В тот вечер, когда закат догорал за рекой, они сидели на крутом берегу, надёжно укрытые густыми зарослями плакучих ив, опустивших свои ветви прямо к воде. Река у их ног искрилась медью и золотом в лучах уходящего солнца, переливаясь тёплыми бликами. Дмитрий, крепко сбитый, русоволосый, с открытым, обветренным лицом и руками, уже покрытыми жёсткими, въевшимися мозолями, бережно, словно величайшую драгоценность, держал тонкие пальцы Веры в своих широких, натруженных ладонях.
— Вот отслужу, Верочка, — говорил он негромко, но с такой горячей убеждённостью в голосе, что у девушки каждый раз сладко замирало сердце, — вернусь и сразу к твоему отцу пойду. Прямо в ноги поклонюсь, как перед иконой. Скажу: не могу без вашей дочери, Николай Петрович, жизни мне без неё нет. Пусть гонит, пусть ругает, а я своё скажу.
Вера счастливо вздохнула, прижимаясь щекой к его плечу, от которого пахло соляркой, въевшейся в грубую ткань рубашки, и горьковатыми луговыми травами — тем особенным запахом, что теперь навсегда стал для неё символом родного человека.
— А если отец не согласится? — спросила она тихо, и в её бездонных глазах на мгновение мелькнула тревога. — Ты же знаешь, какой он упрямый. Он слушать не станет, сразу кричать начнёт, а то и хуже.
— Ну что ж, тогда сбежим, — твёрдо ответил Дмитрий и провёл шершавой, натруженной ладонью по её волосам, от чего по спине побежали мурашки. — Уедем в город, Верочка. Я работы не боюсь, на завод устроюсь, обещают общежитие дать. Ты же мечтала на учительницу выучиться — значит, будешь учиться. Станешь ребятишкам книжки читать, а я тебя каждый вечер с работы встречать. Распишемся потихоньку, без всяких там гулянок. И никто нам не указ, слышишь? Никто на свете.

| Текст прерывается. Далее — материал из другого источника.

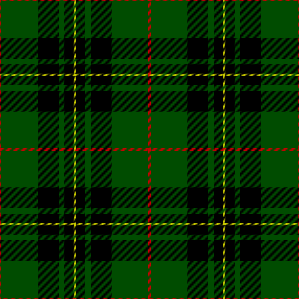 Forbes tartan, as published in the Vestiarium Scoticum. Modern thread count: R4 G64 Bk36 G10 Bk16 Y4.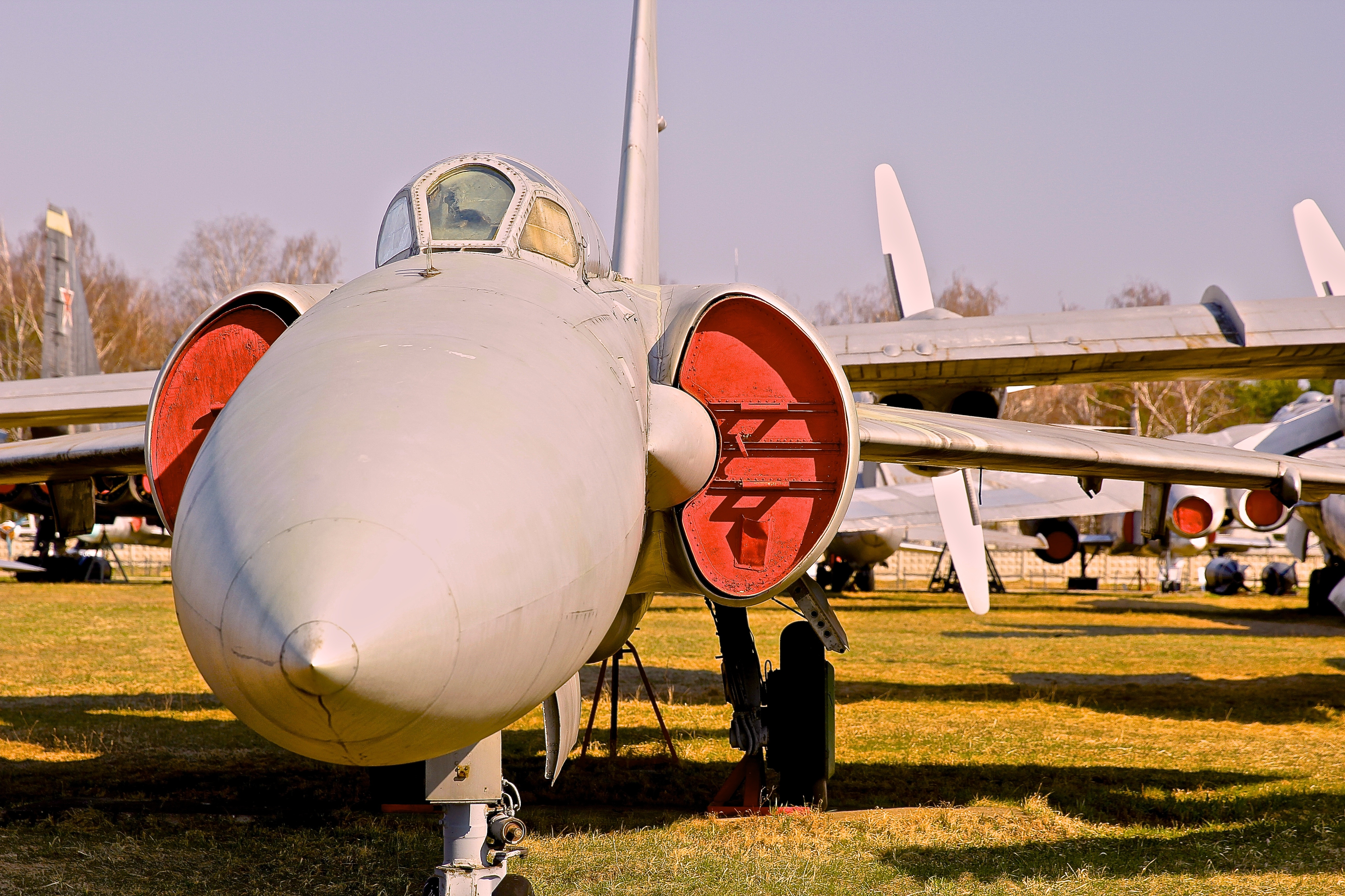 Inlet of La-250 take from specific angle to show separation of inlet from body for supersonic flight.

Эти слова были для неё самой сокровенной молитвой, и Вера верила каждому его вздоху, каждому движению губ. С ним ей действительно не было страшно ничего: ни отцовского гнева, ни пересудов, ни безденежья. Его любовь окутывала её таким надёжным, тёплым покрывалом, под которым можно было спрятаться от любой житейской бури. В те короткие часы, что они проводили у реки, она чувствовала себя по-настоящему живой — смешливой, беззаботной, свободной, какой никогда не была в отчем доме, где смех звучал редко, а ласка и вовсе считалась баловством.
Осень подкралась к селу незаметно, в один день раскрасив сады золотом и багрянцем, но вместе с первыми затяжными дождями в дом к Дмитриевой бабушке принесли повестку. Прощание вышло скомканным и горьким, как полынь. Они стояли за старой мельницей, прячась от моросящего дождя под широким козырьком. Вера плакала навзрыд, вцепившись пальцами в лацкан его куртки и чувствуя, как сердце разрывается от невыносимой тоски.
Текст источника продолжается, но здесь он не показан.